Suatu hari di warung mie ayam dekat kampus, Riski berkata, "Atta, lo tuh bukti nyata kalau anak broken home juga bisa keren." Kami semua tertawa. Aku juga tertawa. Tapi jujur, dalam hati aku ingin memeluk versi kecil diriku yang dulu, dan berkata, "Lihat? Kita bertahan. Kita masih bisa tersenyum."
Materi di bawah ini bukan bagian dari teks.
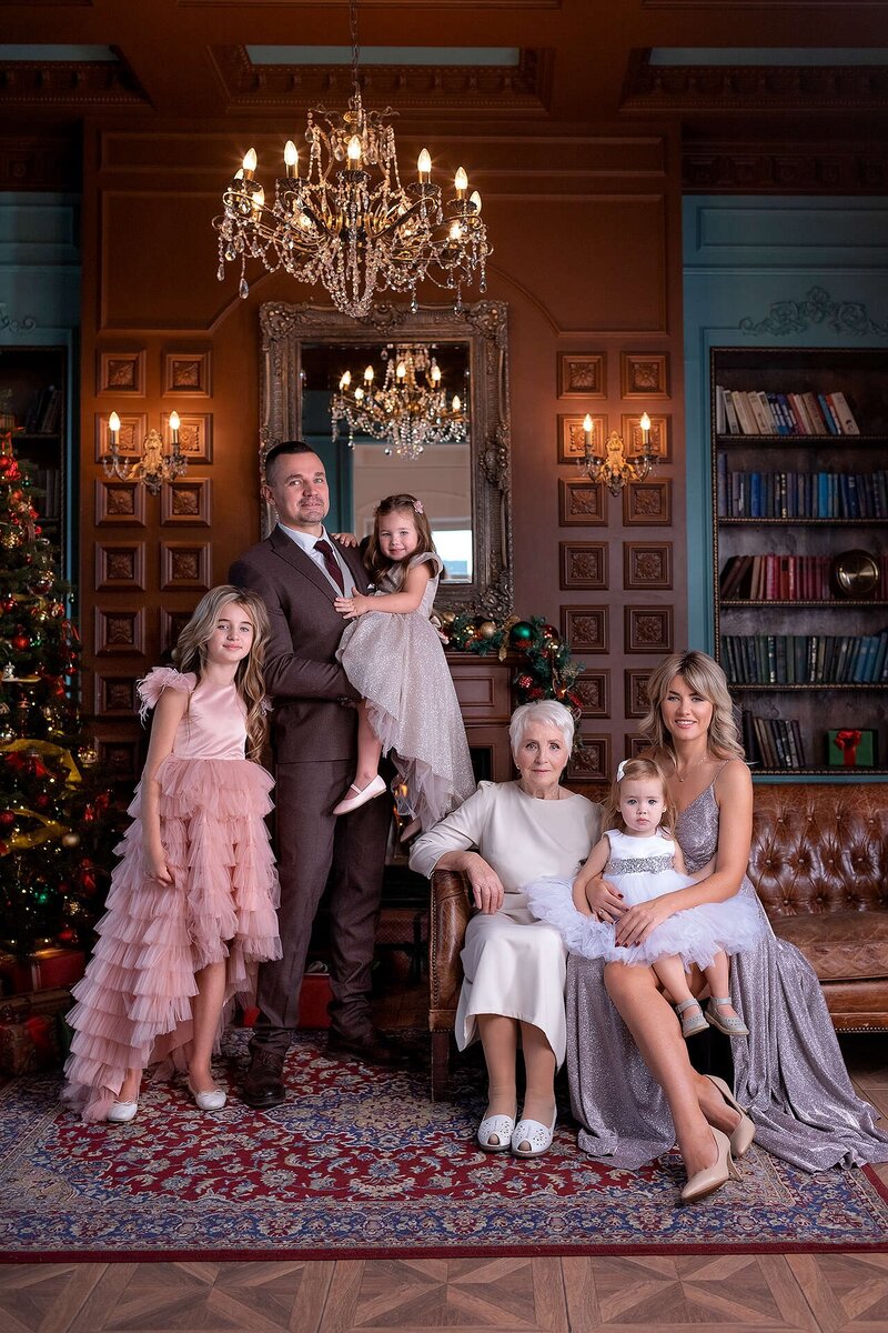 Рождественские праздники - особенное время, когда в воздухе витает атмосфера тепла, уюта и волшебства. Именно эту атмосферу запечатлевает семейная рождественская фотография. На снимке мы видим счастливую семью, собравшуюся в гостиной вокруг нарядной елки в предвкушении грядущего торжества. Родители обнимают друг друга, переглядываясь с улыбками. Рядом с ними стоят их дети - мальчик лет шести и девочка четырех лет. Младшая дочка прижимает к груди плюшевого мишку, старший сынок гордо держит в руках яркий подарок. В кадре запечатлена атмосфера теплых семейных отношений, любви и заботы. Это видно по тому, как родители обнимают друг друга, как старший брат заботливо положил руку на плечо сестренке. Ощущается трепетное предвкушение наступающего праздника, которое по-детски искренне отражается на лицах малышей. Такие фотографии хранят тепло семейного очага. Спустя годы они помогут вспомнить атмосферу уюта, любви и волшебства, окутывающую дом в рождественские дни. Этот снимок - как напоминание

Karena ya, anak broken home juga ingin bahagia. Dan itu bukan dosa. Itu adalah hak setiap manusia. Anak broken home bukan berarti menyerah pada kehidupan. Tak perlu mendaki gunung untuk berdiri di puncak dunia, bahkan tempat yang terasa paling buruk sekalipun bisa menjadi indah, asalkan kita mau meluangkan waktu untuk melihatnya. Kita semua berhak merasa bahagia, meskipun dunia belum memberi kita apa yang kita inginkan. Kita bisa menemukan kebahagiaan di tempat-tempat yang tidak pernah kita bayangkan, dalam langkah-langkah kecil yang penuh harapan.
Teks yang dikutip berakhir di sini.